Do you remember, too, that amazing feeling of doing loving acts, of choosing to say something, do something, give something with not even a hint of manipulation, just joy at the wonder of this person you’d discovered and gratitude for the blessing of having him or her in your life?
Both of these filled you up with an extraordinary type of solid fuel, and you two have probably added to it many times since then. If you’ve grown as a person since then, thank that fuel. If you’ve accomplished something that required a lot of grit since then, thank that fuel. If you’ve survived a terrifying challenge since then, thank that fuel.
But let’s get to the point of this post. When I first went off to college in Massachusetts, I and my fellow students from the New York City area got called on the carpet one night by a local student. We’d all grown up mocking each other, but we were coming across as jerks in a new environment.
We’d grown up with mocking, and not just among us kids. We’d been mocked even by our parents, who mocked each other. We hardly noticed anymore that we were doing anything unkind. Instead, we felt clever for our quips. We felt powerful and important, because we had an easy way to enforce what we thought the norms for a group ought to be. And we’d heard so much mocking that our pain when it was directed at us was surely a lot less than the pain of those unused to it.
Under stress, I still slip back into this awful habit at times. And the person I’m most likely to mock is the one I know so well, my husband.

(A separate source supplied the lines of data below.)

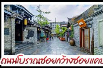
ถนนโบราณชอยกว้างชอยแคบ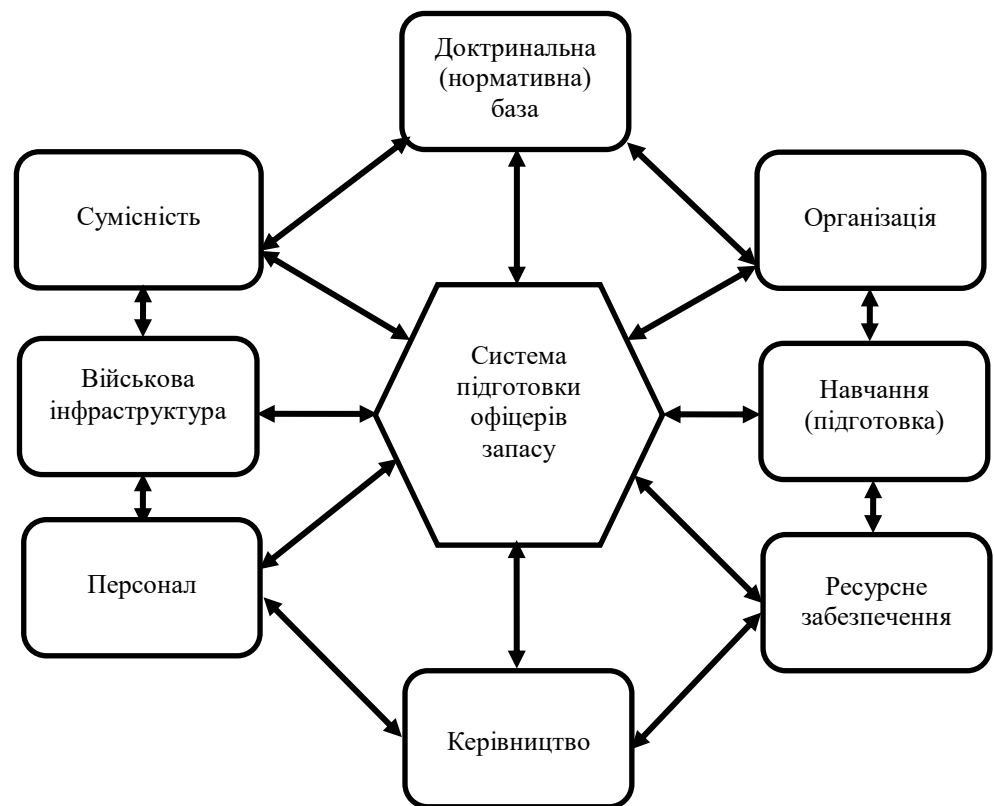
Рисунок 1 – Показники ефективності функціонування системи підготовки громадян України за програмою підготовки офіцерів запасу.

Показники ефективності функціонування системи підготовки громадян України за програмою підготовки офіцерів запасу схематично показано на (рис. 1).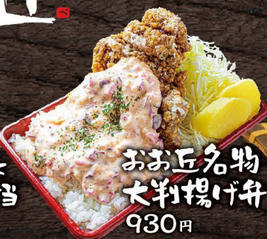
おお丘名物 大判揚げ弁当 930円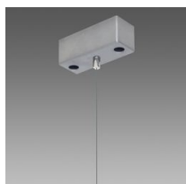
Sospensione semplice Q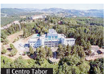
Il Centro Tabor

Dal 10 al 13 luglio si terrà la seconda edizione al Centro Tabor. Il programma a partire dal Vangelo di Matteo. L'evento "Il Vangelo in piazza"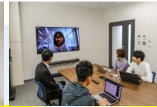
ICTによる コミュニケーション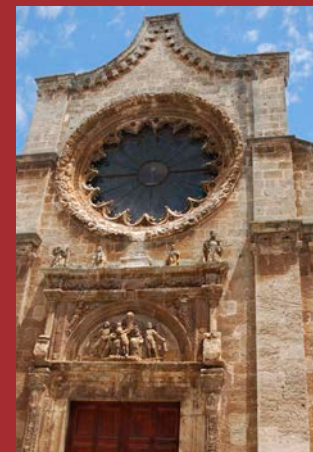
Particolari frontespizio Chiesa Collegiata SS. Trinità, Manduria (Taranto)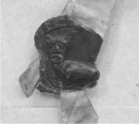
Afb. 2 Zegel van Wouter Reinfin, oudste bij naam bekende sluismeester van een watering in de Vlaamse kustvlakte (1277, watering Kamerlingsambacht) (RAB, Oorkonden met Blauw Nummer, 6752).

ken dat iemand die verkozen werd weliswaar verplicht was het ambt te aanvaarden, doch niet langer dan één jaar in functie diende te blijven. 71 Ook het feit dat de functie in de oudste reglementen als onbezoldigd wordt beschouwd, wijst in dezelfde richting. 72 Dit alles kan verklaren waarom we in de loop van de dertiende en veertiende eeuw sluismeesters aantreffen die behoren tot de lokale adel of de hogere clerus. 73 In de grote Blankenbergse watering, waar de clerus vanaf de veertiende eeuw recht had op een vaste vertegenwoordiger in het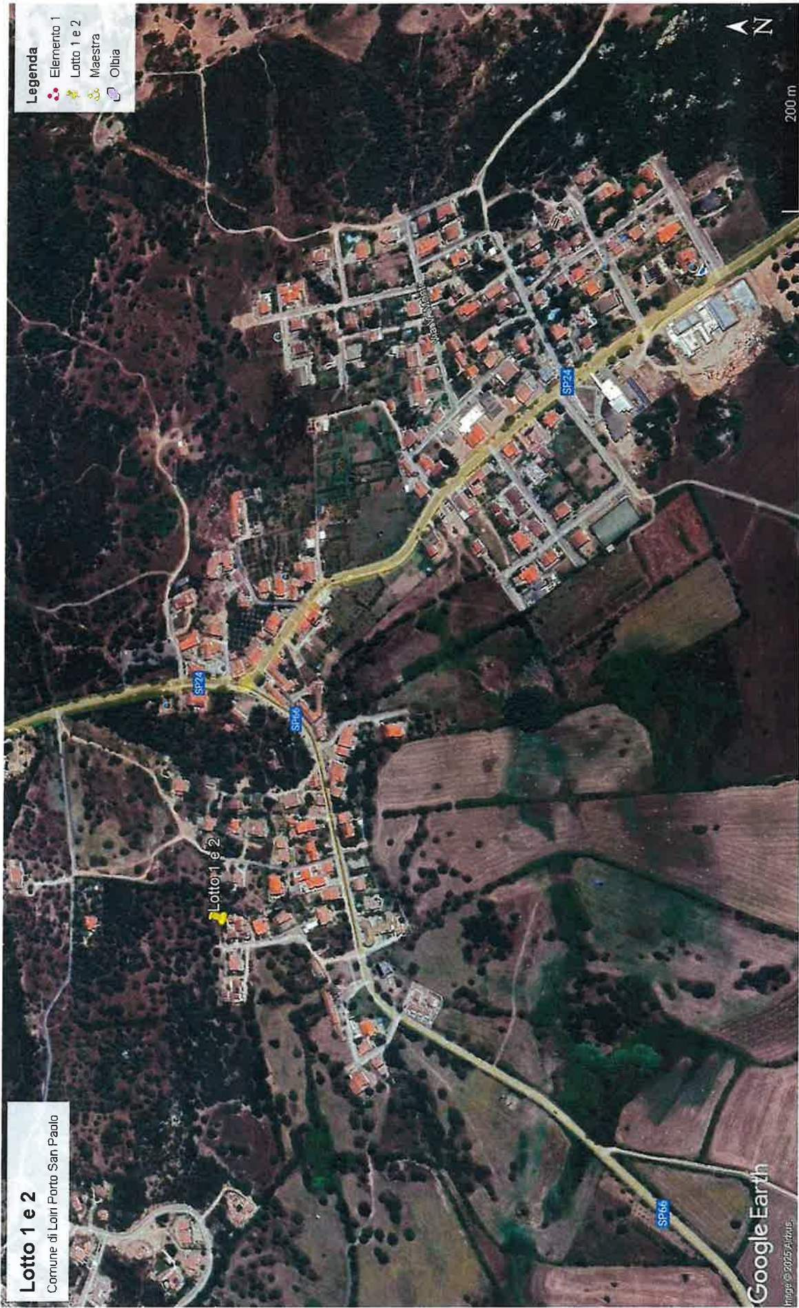
Vista satellitare di Loiri Porto San Paolo

I’m sure it hurts him and takes back some of the love I’ve offered him on better days. But it’s also taking a melon baller to my own limited supply of stored-up love and loving. And that’s going to cost me dearly.

About the author

Patty Newbold

I am a widow who got it right the second time. I have been sharing here since February 14, 2006 what I learned from that experience and from positive psychology, marriage research, and my training as a marriage educator.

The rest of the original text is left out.